- **Task details**:
Reproduce every line below exactly as written; do not include the images.
(Data for review Opens)
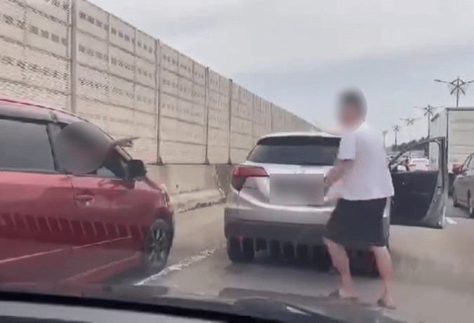 Footage posted on social media on Monday (10 Mar) shows the driver of a silver Honda HR-V standing next to the driver’s side of a red car while holding a long stick.
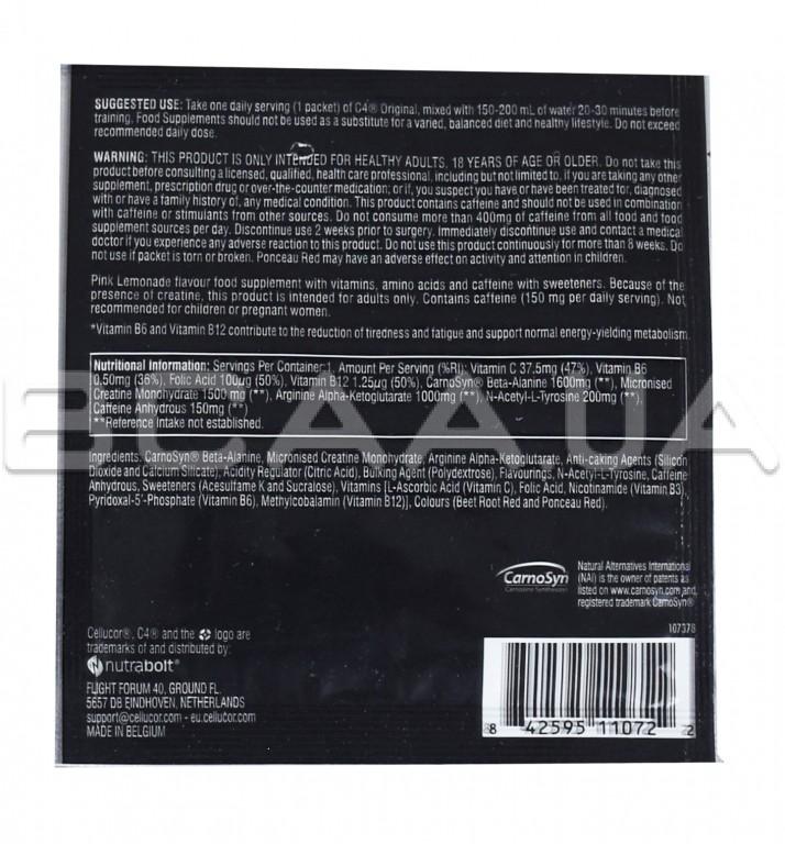 - C4 Original Pre Workout - это четвертое поколение С4-это следующий уровень инновационного предтренировочного комплекса. Его формула стала более мощной, и включает в себя уникальный ингредиент TeaCor ™ для улучшения энергии, которая приходит быстро и длится дольше.
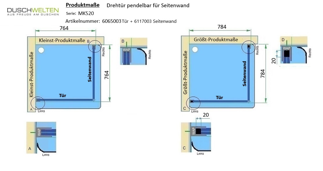 Maß | Maß-Typ | Produktmaß | Wanneneinbaumaß | Fliesenmaß (Gaslmitte auf Fuge) | Einstiegsbreite | Höhe + 35 mm Stabi. | |||
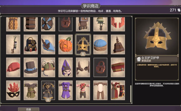 学识商店是游戏里比较核心的一个功能,解锁之后才能获取一些特殊的道具,并且在这里获取建筑物资以及一些特定的职业角色,这样可以让玩家有更强的实力,也能提升整个队伍的战斗能力,首先特殊的道具包括剃刀或者是中世纪骑士的皮肤,还有一些护甲,这些都可以给角色带来额外的加成,另外薛是商店还可以解锁像草药师这样的治疗类型职业,也可以解锁夜市这样的建筑,夜市最主要的作用就是可以刷新一些比较优质的装备。
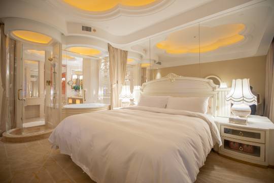 酒店的外观设计宏伟壮观,门口的雄狮雕塑和大气的顶棚,让人仿佛置身于欧洲的城堡之中。酒店内部的装修更是奢华无比,采用了宫廷式的欧式风格,从大堂到客房,每一步都透露出尊贵与优雅。对于驾驶电动车的旅客来说,酒店提供的充电车位是一个极大的便利。酒店的房间宽敞明亮,面积大约在45平方米左右。房间内的装修风格延续了酒店整体的宫廷奢华风格,大落地窗设计让自然光线充分洒入房间,同时也为住客提供了绝佳的观景视角。房间内还配有大浴缸,让住客在一天的忙碌后可以享受一个舒适的泡澡时光。此外,房间内的床品也非常舒适,羽绒被和乳胶枕头为住客提供了良好的睡眠体验。酒店的服务也十分周到,前台和客房服务人员的态度热情友好。
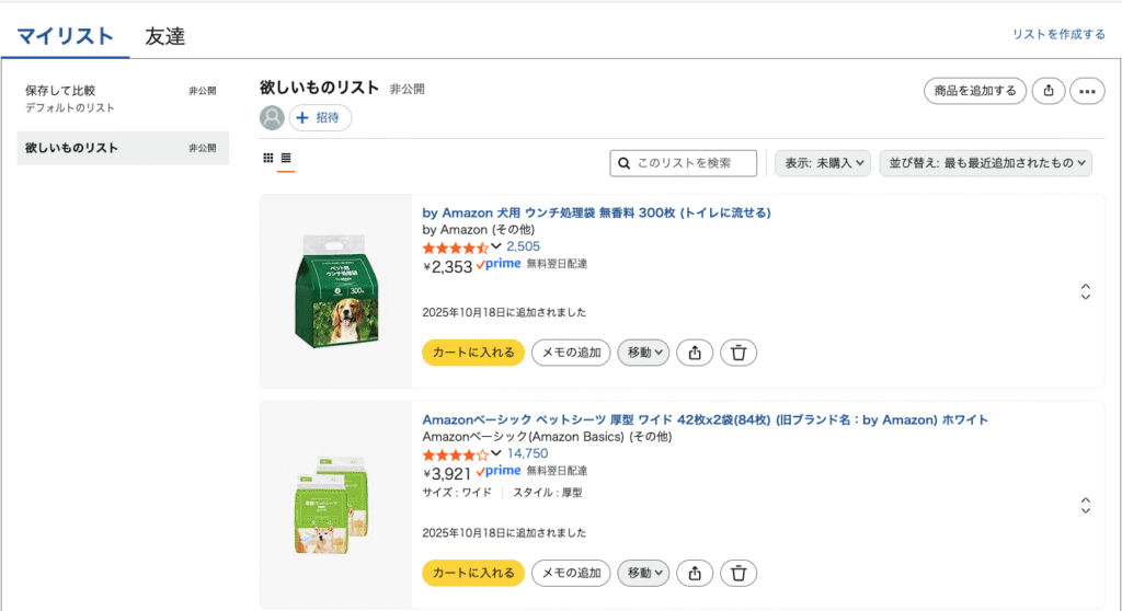 欲しいペットフードやケア用品をリストに入れておけば、セール開始時に自動で値下げ通知が届きます。
(Data for review Closes)
- **Answer area**:
 Footage posted on social media on Monday (10 Mar) shows the driver of a silver Honda HR-V standing next to the driver’s side of a red car while holding a long stick.
 - C4 Original Pre Workout - это четвертое поколение С4-это следующий уровень инновационного предтренировочного комплекса. Его формула стала более мощной, и включает в себя уникальный ингредиент TeaCor ™ для улучшения энергии, которая приходит быстро и длится дольше.
 Maß | Maß-Typ | Produktmaß | Wanneneinbaumaß | Fliesenmaß (Gaslmitte auf Fuge) | Einstiegsbreite | Höhe + 35 mm Stabi. | |||
 学识商店是游戏里比较核心的一个功能,解锁之后才能获取一些特殊的道具,并且在这里获取建筑物资以及一些特定的职业角色,这样可以让玩家有更强的实力,也能提升整个队伍的战斗能力,首先特殊的道具包括剃刀或者是中世纪骑士的皮肤,还有一些护甲,这些都可以给角色带来额外的加成,另外薛是商店还可以解锁像草药师这样的治疗类型职业,也可以解锁夜市这样的建筑,夜市最主要的作用就是可以刷新一些比较优质的装备。
 酒店的外观设计宏伟壮观,门口的雄狮雕塑和大气的顶棚,让人仿佛置身于欧洲的城堡之中。酒店内部的装修更是奢华无比,采用了宫廷式的欧式风格,从大堂到客房,每一步都透露出尊贵与优雅。对于驾驶电动车的旅客来说,酒店提供的充电车位是一个极大的便利。酒店的房间宽敞明亮,面积大约在45平方米左右。房间内的装修风格延续了酒店整体的宫廷奢华风格,大落地窗设计让自然光线充分洒入房间,同时也为住客提供了绝佳的观景视角。房间内还配有大浴缸,让住客在一天的忙碌后可以享受一个舒适的泡澡时光。此外,房间内的床品也非常舒适,羽绒被和乳胶枕头为住客提供了良好的睡眠体验。酒店的服务也十分周到,前台和客房服务人员的态度热情友好。
 欲しいペットフードやケア用品をリストに入れておけば、セール開始時に自動で値下げ通知が届きます。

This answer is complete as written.